(Beginning of MATERIAL PROVIDED)

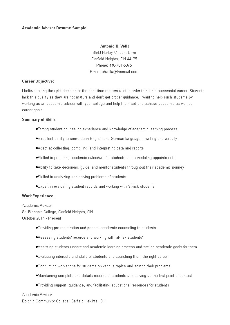 Employers use resumes as the first step in identifying and selecting attainable candidates for jobs and it is important that your resume properly presents your take steps experience and speculative qualifications. A well-written resume presents an fabulous image of you to employers. Employers see at hundreds of resumes for the same job and stop going on choosing just one. It is important that your resume is properly formatted and provides all relevant recommendation approximately you. Looking at professionally written sample resume for academic advisor position can support you create your own fabulous resume and come up with the money for every the information employers need.
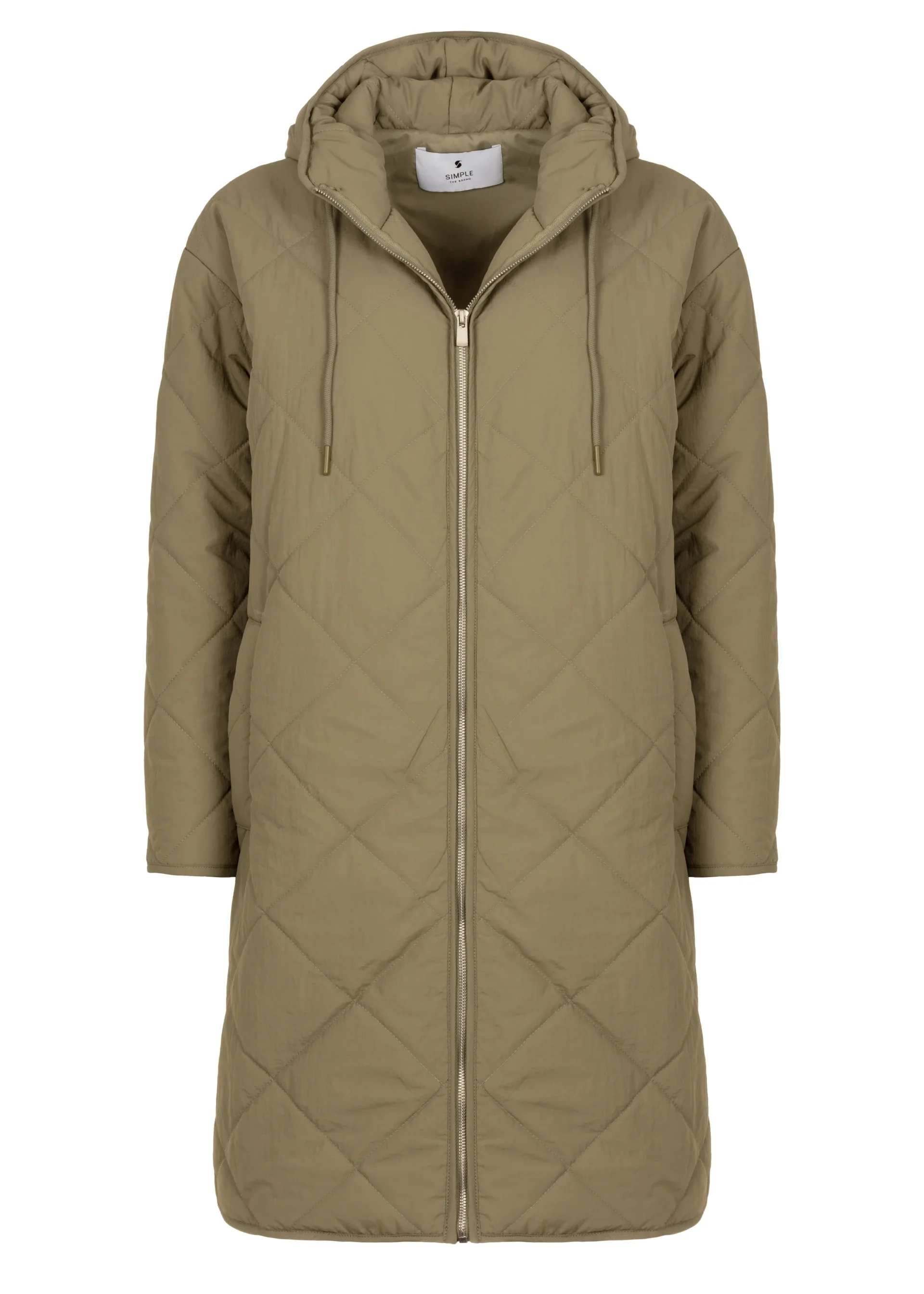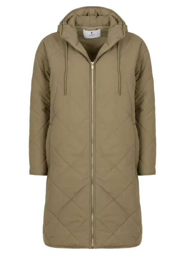 - Long quilted coat with diamond pattern
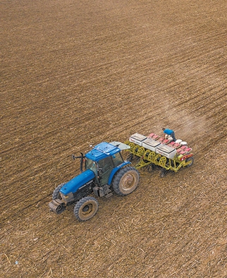 新疆维吾尔自治区博乐市6万亩“免耕玉米”开播。“免耕玉米”不使用地膜,一次性完成播种、施肥、滴灌带浅埋机械化作业,可减少白色污染等。 于苏甫·艾尼 摄(影像中国)
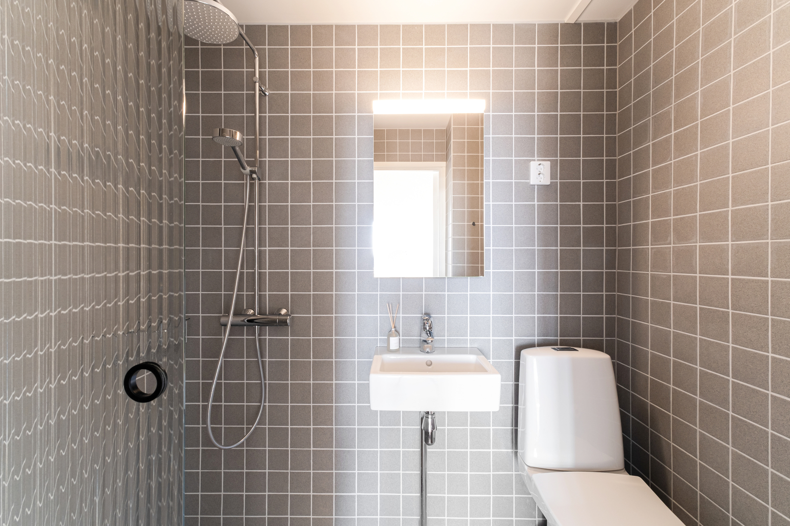 | Kylpyhuoneen kuvaus | Suihku, wc-istuin, peilikaappi, pesukoneliitäntä, suihkuseinä ja kiinteät valaisimet, seinät (kaakeli), lattiat (laatta) |
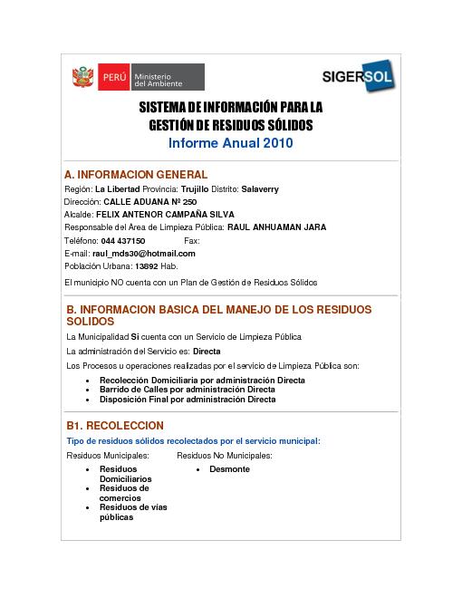 Formulario del Sistema de Información para la Gestión de Residuos Sólidos, SIGERSOL gestión 2010 del distrito Salaverry, provincia de Trujillo, departamento La Libertad
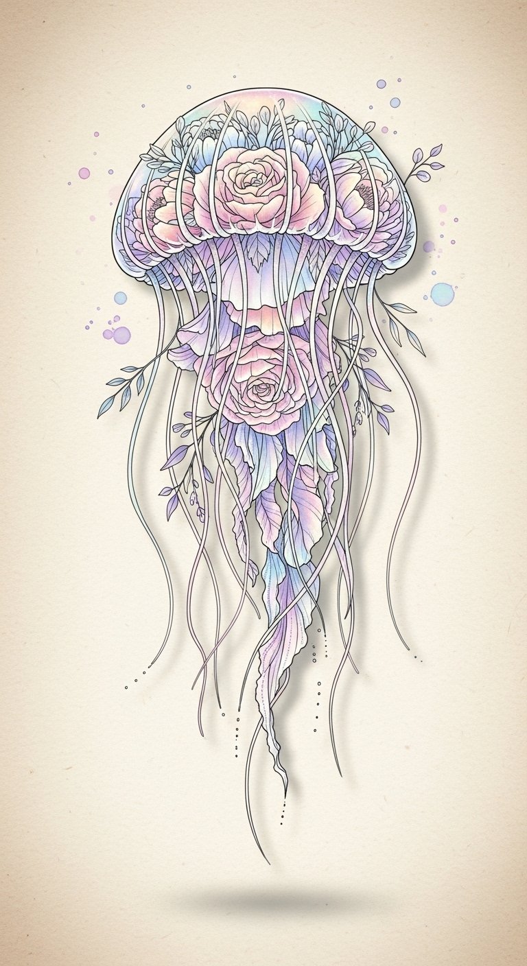 This fusion creates a stunning representation of jellyfish symbolism—freedom and adaptability—while embracing floral harmony. The delicate petals and flowing tentacles dance together, capturing your spirit’s essence.

(End of MATERIAL PROVIDED)

Quote the data above in full, leaving out the pictures it holds.

--- FINISHED TASK ---
 Employers use resumes as the first step in identifying and selecting attainable candidates for jobs and it is important that your resume properly presents your take steps experience and speculative qualifications. A well-written resume presents an fabulous image of you to employers. Employers see at hundreds of resumes for the same job and stop going on choosing just one. It is important that your resume is properly formatted and provides all relevant recommendation approximately you. Looking at professionally written sample resume for academic advisor position can support you create your own fabulous resume and come up with the money for every the information employers need.
 - Long quilted coat with diamond pattern
 新疆维吾尔自治区博乐市6万亩“免耕玉米”开播。“免耕玉米”不使用地膜,一次性完成播种、施肥、滴灌带浅埋机械化作业,可减少白色污染等。 于苏甫·艾尼 摄(影像中国)
 | Kylpyhuoneen kuvaus | Suihku, wc-istuin, peilikaappi, pesukoneliitäntä, suihkuseinä ja kiinteät valaisimet, seinät (kaakeli), lattiat (laatta) |
 Formulario del Sistema de Información para la Gestión de Residuos Sólidos, SIGERSOL gestión 2010 del distrito Salaverry, provincia de Trujillo, departamento La Libertad
 This fusion creates a stunning representation of jellyfish symbolism—freedom and adaptability—while embracing floral harmony. The delicate petals and flowing tentacles dance together, capturing your spirit’s essence.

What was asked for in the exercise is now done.